DOP82 Corticosteroid-free remission of Ulcerative Colitis with filgotinib maintenance therapy: Post hoc analysis of the phase 2b/3 SELECTION study

Loftus- Jr, E.(1);Vermeire, S.(2);Feagan, B.(3);Yun, C.(4);Hsieh, J.(4);Liu, X.(4);Zhao, S.(4);Moerch, U.(5);Sandborn, W.J.(6);Hibi, T.(7)

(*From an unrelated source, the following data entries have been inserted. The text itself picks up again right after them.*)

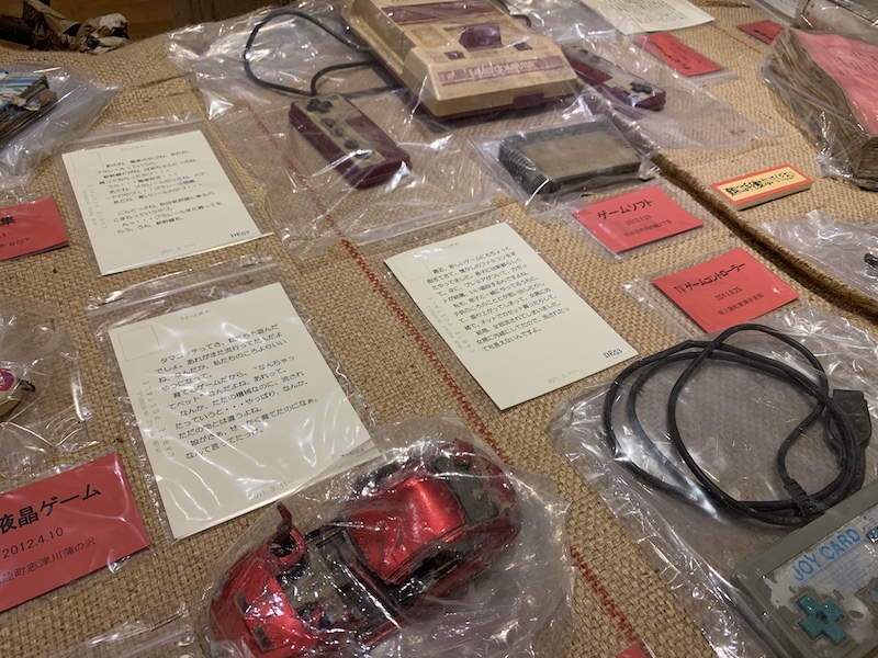 受災物件部分,則精選155件學藝員在受災區蒐集的物品,進行展示。相較於保存與陳列物件,館方更在乎如何呈現物件乘載的無形記憶,並促進記憶傳承與對話討論的機會。因此在展示型態上,物件旁皆擺放了明信片樣式的文字卡,以第一人稱口吻敘述與物件有關的種種故事。文字內容跳脫常見的受災者證詞紀錄方式,可見在地方言的使用,靈動保留了當事者的說話語調。如此細節的設計,讓觀眾有如閱覽一封封來自受災者的信件,得以感同身受其中蘊含的強烈情感,以及那些曾經的日常生活樣貌。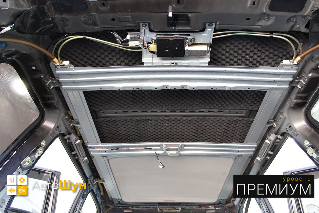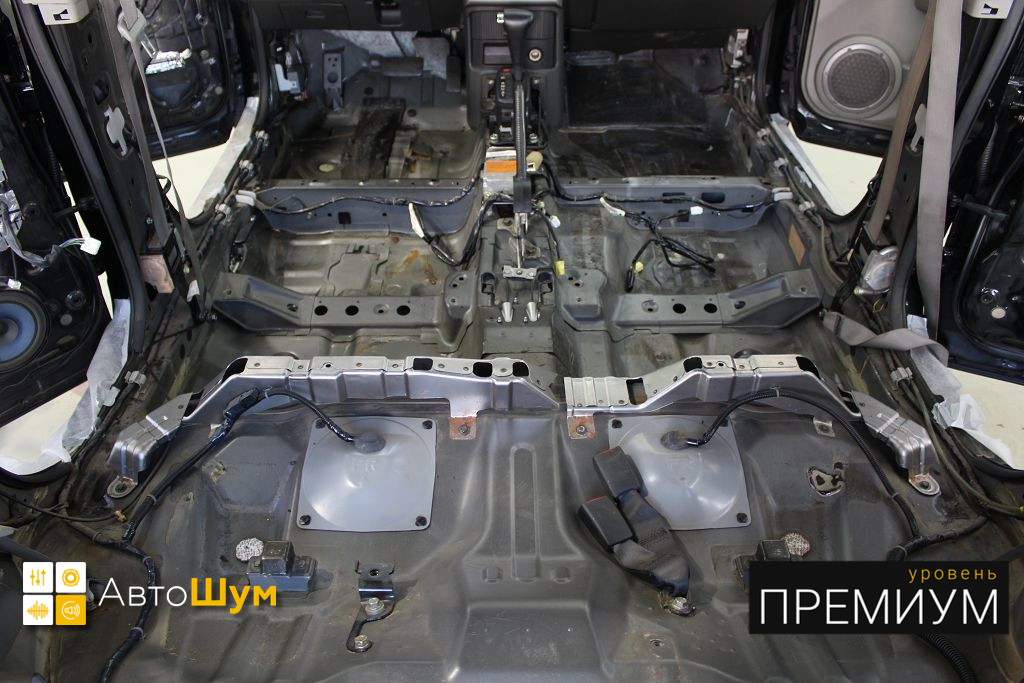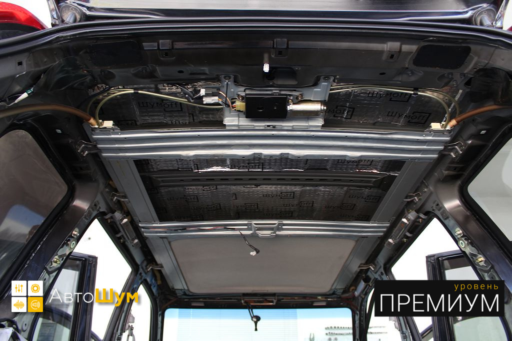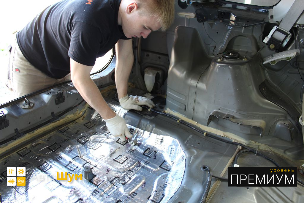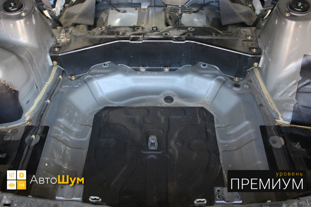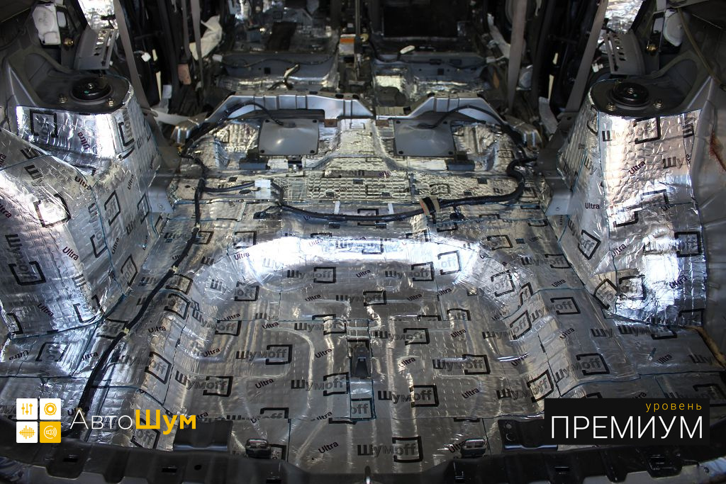Дно оклеивается многослойным шумо и звукоизолятором Шумофф Prizma 6, крылья, арки и крышка багажника шумопоглотителем Absorber A15.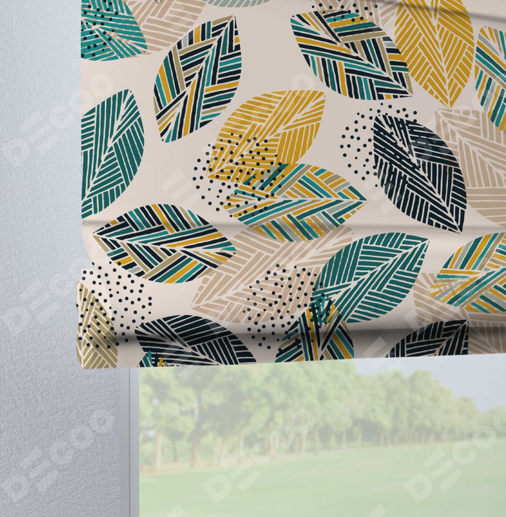 Римская штора на петлях «Листья с орнаментом»

(1)Mayo Clinic, Department of Internal Medicine- Department of Gastroenterology and Hepatology, Rochester- MN, United States;(2)University Hospitals Leuven, Department of Gastroenterology, Leuven, Belgium;(3)Western University, Department of Medicine- Division of Gastroenterology, London- ON, Canada;(4)Gilead Sciences, Inc., Foster City, United States;(5)Gilead Sciences, Inc., Copenhagen, Denmark;(6)University of California, Department of Medicine, San Diego- La Jolla- CA, United States;(7)Kitasato Institute Hospital- Kitasato University, Center for Advanced IBD Research and Treatment, Tokyo, Japan

Background

Filgotinib (FIL) is a once-daily, oral, preferential Janus kinase 1 inhibitor in development for the treatment of inflammatory bowel disease. FIL for the treatment of moderately to severely active ulcerative colitis (UC) was evaluated in the phase 2b/3 randomized, double-blind, placebo (PBO)-controlled SELECTION study (NCT02914522). Long-term use of corticosteroids (CS) is associated with significant side effects. The aim of this post hoc analysis was to assess the CS-sparing effects of FIL in the SELECTION study.

Methods

Patients (18–75 years old) with moderately to severely active UC were randomized (2:2:1) to receive FIL 100 mg (n = 564), FIL 200 mg (n = 507) or PBO (n = 280) once daily orally for up to 11 weeks (induction study). At week 11, FIL induction responders were rerandomized 2:1 to continue their induction FIL dose or to receive PBO (maintenance study). CS use was kept stable up to week 14, at which point mandatory CS tapering occurred. CS could be resumed during the maintenance study; however, if the baseline CS dose was exceeded this was considered treatment failure. In this post hoc analysis, CS-free remission was defined as remission at week 58 (endoscopic subscore ≤ 1, rectal bleeding subscore = 0 and ≥ 1-point decrease in stool frequency subscore to achieve 0 or 1) without systemic or localized CS use that was indicated for UC in the previous 1, 3, 6 or 8 months.

Results

The baseline characteristics of patients in the maintenance study were similar across treatment groups (Table 1). Of the 92 patients receiving CS at maintenance baseline (week 11; maintenance week 0) who received FIL 200 mg during the maintenance study, 25 (27%) were in remission at week 58 and had been continuously CS-free for at least the previous 6 months (Table 2). The proportion of CS-free remitters in the FIL 200 mg group was consistently higher than with PBO (Table 2). In patients taking CS at maintenance baseline who had continued CS-use post baseline, lower median prednisone dosing was observed with FIL 200 mg than with PBO throughout the maintenance study (maximum difference at week 34 [maintenance week 23]: 5.0 mg vs 13.8 mg) (Figure 1). In SELECTION, a total of 199 patients received FIL 200 mg in the maintenance study, of whom 74 (37.2%) were in remission at week 58; of these 74 patients, 69 (93.2%) were continuously CS-free for at least the previous 6 months (Figure 2).


Conclusion

In this post hoc analysis of SELECTION maintenance study data, FIL 200 mg was effective in reducing and eliminating CS use through to week 58 in patients with moderately to severely active UC. The vast majority of patients taking FIL 200 mg who were in remission at week 58 had not taken CS in the previous 6 months.